Data for this exercise Block Start

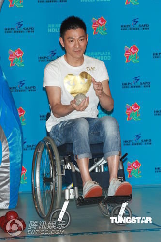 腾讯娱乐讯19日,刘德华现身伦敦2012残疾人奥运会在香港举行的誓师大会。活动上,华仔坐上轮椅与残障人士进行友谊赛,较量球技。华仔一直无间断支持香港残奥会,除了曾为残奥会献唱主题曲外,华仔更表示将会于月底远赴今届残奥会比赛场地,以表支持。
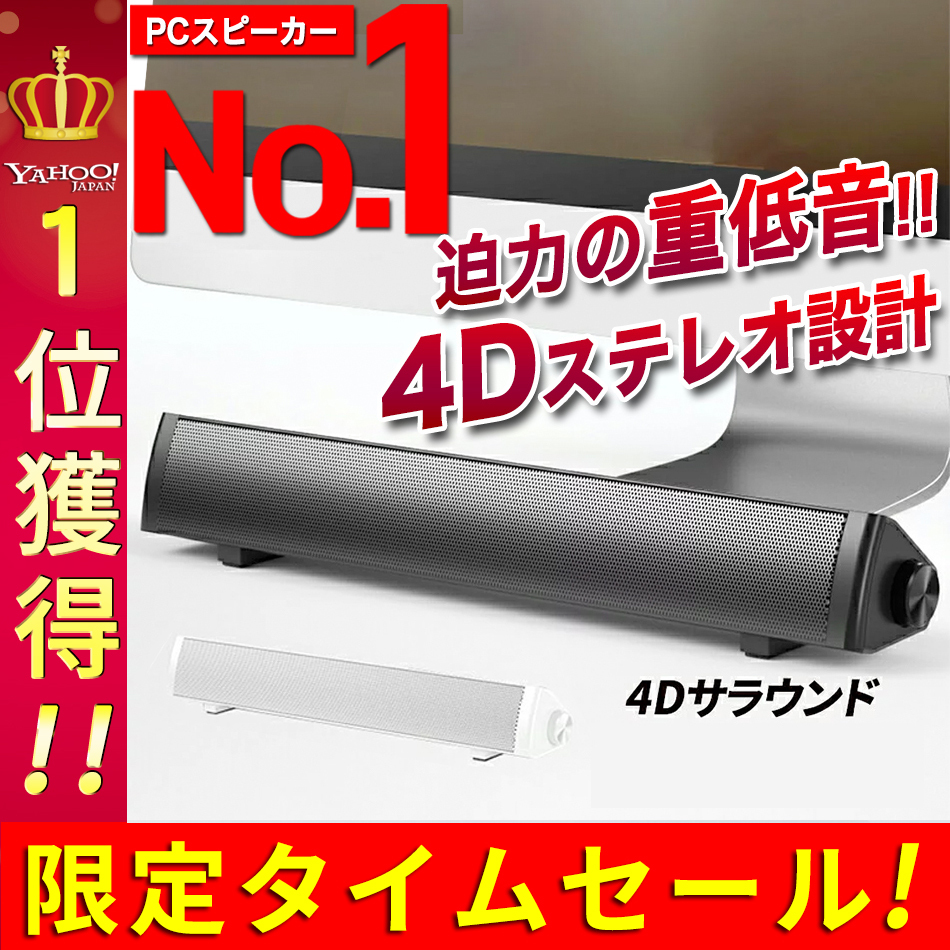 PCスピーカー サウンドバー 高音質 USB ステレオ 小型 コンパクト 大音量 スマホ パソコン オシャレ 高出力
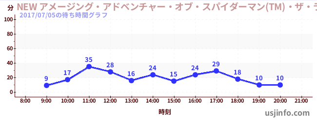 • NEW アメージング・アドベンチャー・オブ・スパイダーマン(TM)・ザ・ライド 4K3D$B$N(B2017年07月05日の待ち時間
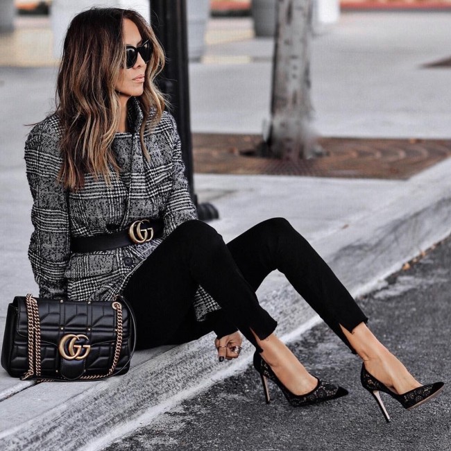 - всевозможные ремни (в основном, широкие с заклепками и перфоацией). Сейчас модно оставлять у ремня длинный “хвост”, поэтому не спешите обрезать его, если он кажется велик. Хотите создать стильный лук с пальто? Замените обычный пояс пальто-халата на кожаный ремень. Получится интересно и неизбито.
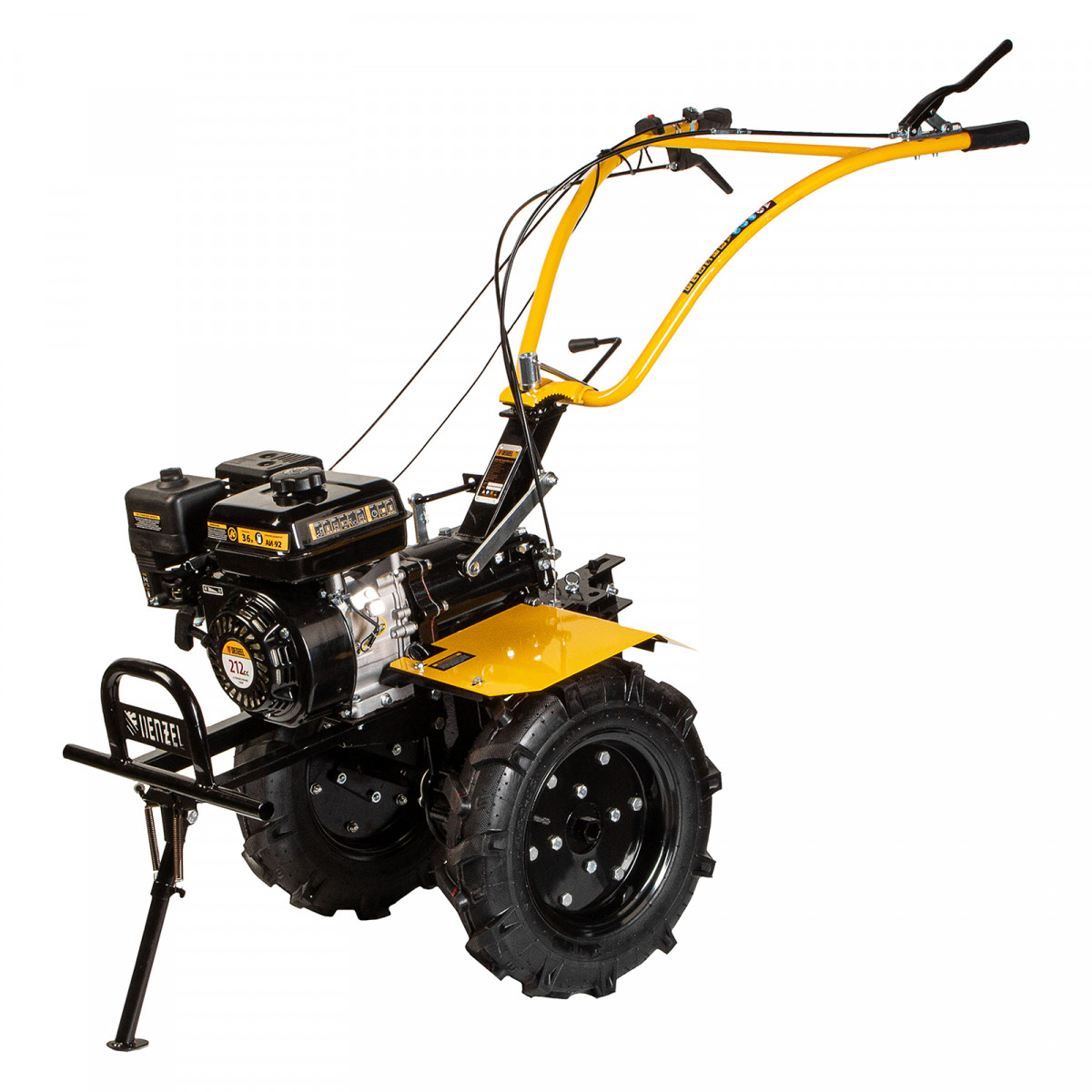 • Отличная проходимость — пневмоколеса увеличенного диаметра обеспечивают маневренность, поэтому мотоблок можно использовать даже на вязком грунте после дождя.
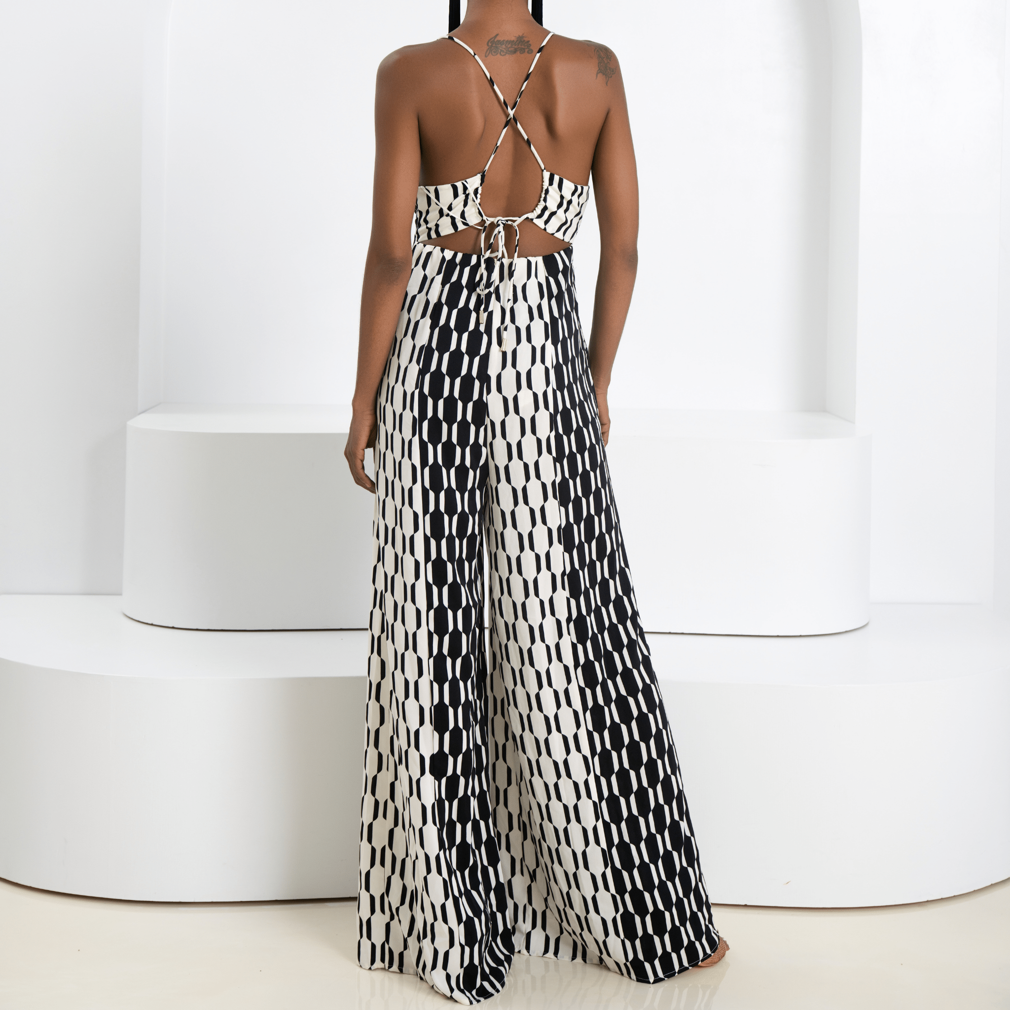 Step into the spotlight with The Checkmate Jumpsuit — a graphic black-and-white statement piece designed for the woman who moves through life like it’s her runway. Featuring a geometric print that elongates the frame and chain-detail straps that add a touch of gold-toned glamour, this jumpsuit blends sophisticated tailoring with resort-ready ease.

Data for this exercise Block End
Data for this exercise Block Start

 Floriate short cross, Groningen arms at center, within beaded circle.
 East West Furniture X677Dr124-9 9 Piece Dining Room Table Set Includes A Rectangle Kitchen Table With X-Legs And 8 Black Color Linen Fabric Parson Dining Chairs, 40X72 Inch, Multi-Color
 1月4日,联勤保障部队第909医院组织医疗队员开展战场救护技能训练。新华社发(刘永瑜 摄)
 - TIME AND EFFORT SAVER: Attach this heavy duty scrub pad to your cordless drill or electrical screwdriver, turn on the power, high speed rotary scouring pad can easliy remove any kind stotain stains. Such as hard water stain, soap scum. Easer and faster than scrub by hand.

Data for this exercise Block End

# [Your instructions]
Between and including the line above that contains "грунте после дождя." and the line that contains "Step into the", restate every line word for word. Pictures stay out.

# [Task answer]
 • Отличная проходимость — пневмоколеса увеличенного диаметра обеспечивают маневренность, поэтому мотоблок можно использовать даже на вязком грунте после дождя.
 Step into the spotlight with The Checkmate Jumpsuit — a graphic black-and-white statement piece designed for the woman who moves through life like it’s her runway. Featuring a geometric print that elongates the frame and chain-detail straps that add a touch of gold-toned glamour, this jumpsuit blends sophisticated tailoring with resort-ready ease.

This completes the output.